Recent evidence suggests that TICs exist in a dynamic equilibrium with their microenvironments, and the TIC phenotype is tightly regulated by cell-extrinsic factors derived by their surrounding cells or the stroma. In keeping with this paradigm, inflammatory mediators, such as IL-6 and IL-8, have been found to be critically involved in the regulation of TICs and their contribution to cancer invasion and metastasis (Iliopoulos et al., 2011; Korkaya et al., 2011, 2012). Nevertheless, these observations were made in untreated and chemo-naive tumors, whereas our results suggest that, in chemo-treated tumors, ELR+ chemokines play a major role in the regulation of TICs especially those with mesenchymal-like properties. In this regard, the substantial amounts of these pro-TIC ELR+ chemokines produced by MTD-treated CAFs within the treated tumors may contribute significantly to the significant enrichment of TICs in breast cancers after neoadjuvant chemotherapy (Li et al., 2008; Creighton et al., 2009). Our study additionally suggests that this CAF ELR+ chemokine phenotype is potently induced by MTD chemotherapy but can be largely avoided by switching to LDM therapy regimens. Our study thus may not only trigger more clinical trials dedicated to comparing the effects of MTD and LDM chemotherapy on the tumor stroma and TICs and examining their efficacy in human desmoplastic cancers, but also may help the identification of the cancer patients who will most likely benefit from LDM chemotherapy to guide the design of tumor-tailored and personalized chemotherapy regimens.
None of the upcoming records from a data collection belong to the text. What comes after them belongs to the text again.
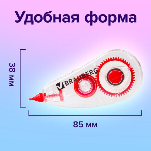 Корректирующая лента механизм: устройства с поворотным или боковым механизмом упрощают нанесение. Пример — Brauberg 5 мм*6 м "Pastel" с поворотным механизмом.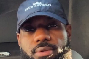 詹姆斯曬出了他在車內(nèi)的自拍,他頭戴一頂中國(guó)行期間發(fā)布的“Forever King(永遠(yuǎn)的王)”主題帽子,并配文道:“????”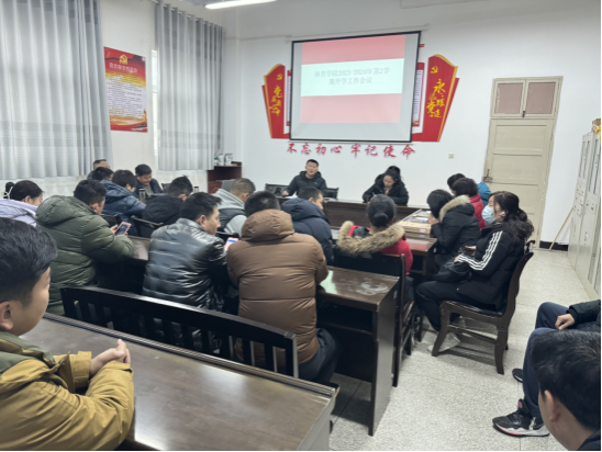 会上,副院长郭西魁带领参会人员深入学习了学校领导在2024年度工作会议上的讲话和学校2024年工作要点,结合学校年度工作要点和学院工作实际从审核评估和师范专业认证、一流专业建设、一流课程建设、安全稳定等方面提出贯彻落实的要求,要求全体教师认真学习贯彻学校2024年工作要点和学校领导讲话精神,勇于担当、勇于创新、勇于奉献,为学院高质量发展贡献自己的力量;副院长李靖就本年度科研项目申报、大学体育工作进行了安排。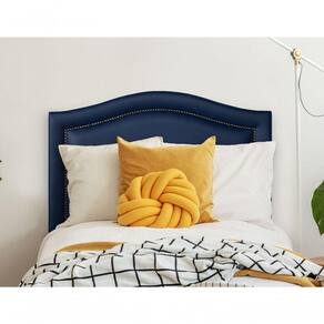 Cabeceira Solteiro Curva Luxo 90x60 Courino Azul - Tachas Fumê

In summary, our findings suggest that systemic chemotherapy has a significant impact on the stroma that is associated with human desmoplastic cancers that includes sustained activation of CAFs leading to pro-oncogenic and pro-TIC paracrine signaling activities. We delineated the signaling pathway that mediates this characteristic stromal response to chemotherapy and identified an effective way to attenuate it by using LDM therapy regimens. Our results lend support to the emerging paradigm that maintains that stroma-derived signals contribute to tumor pathology and suggests that LDM therapy or targeting the paracrine signaling mediated by chemo-treated CAFs may be a valid approach for improving therapeutic outcome in desmoplastic cancers.

Materials and methods

Human cancer specimens, staining, and cell isolation

Tumor specimens were excised from a cohort of 15 breast cancer patients who had not received prior chemotherapy in the Tung’s Metro-harbor Hospital, Taiwan (the TMH cohort; Table S1). The specimens were processed within 3 h of tumor removal by mechanical dissociation, enzymatic digestion, and differential centrifugation, as described previously (Tsuyada et al., 2012), followed by sequential magnetic-assisted cell sorting using antifibroblast MicroBeads and a magnetic-assisted cell-sorting Dead Cell Removal kit (Miltenyi Biotec). Fibroblasts were plated on collagen-coated tissue culture plates and maintained in DMEM (Invitrogen) supplemented with 15% FBS. Carcinoma cells were cultured in IMDM (Invitrogen) supplemented with glutamine, insulin, transferrin, selenium (all from Lonza), and 20% FBS (Tsuyada et al., 2012). Using this protocol, we were able to isolate three pairs of cognate carcinoma cells and CAFs that could be propagated for >15 passages to permit subsequent experiments. Carcinoma cells were confirmed to be aneuploid according to karyotyping. All human tissues were collected using protocols approved by the Institutional Review Boards at Tung’ Taichung Metro-harbor Hospital. Primary PDAC SP-1 cells were isolated from the malignant ascites of a patient with metastatic PDAC (a gift from Y.-S. Shan, National Cheng Kung University Hospital, Tainan, Taiwan). HCC-1954, MCF-7, HCC-1806, HCC-38, BT-474, MDA-MB-436, PANC-1, and U-937 cells (all from ATCC) and PSCs (a gift from M. Löhr, German Cancer Research Center, Heidelberg, Germany; Jesnowski et al., 2005) were cultured and propagated according to the providers’ recommendations.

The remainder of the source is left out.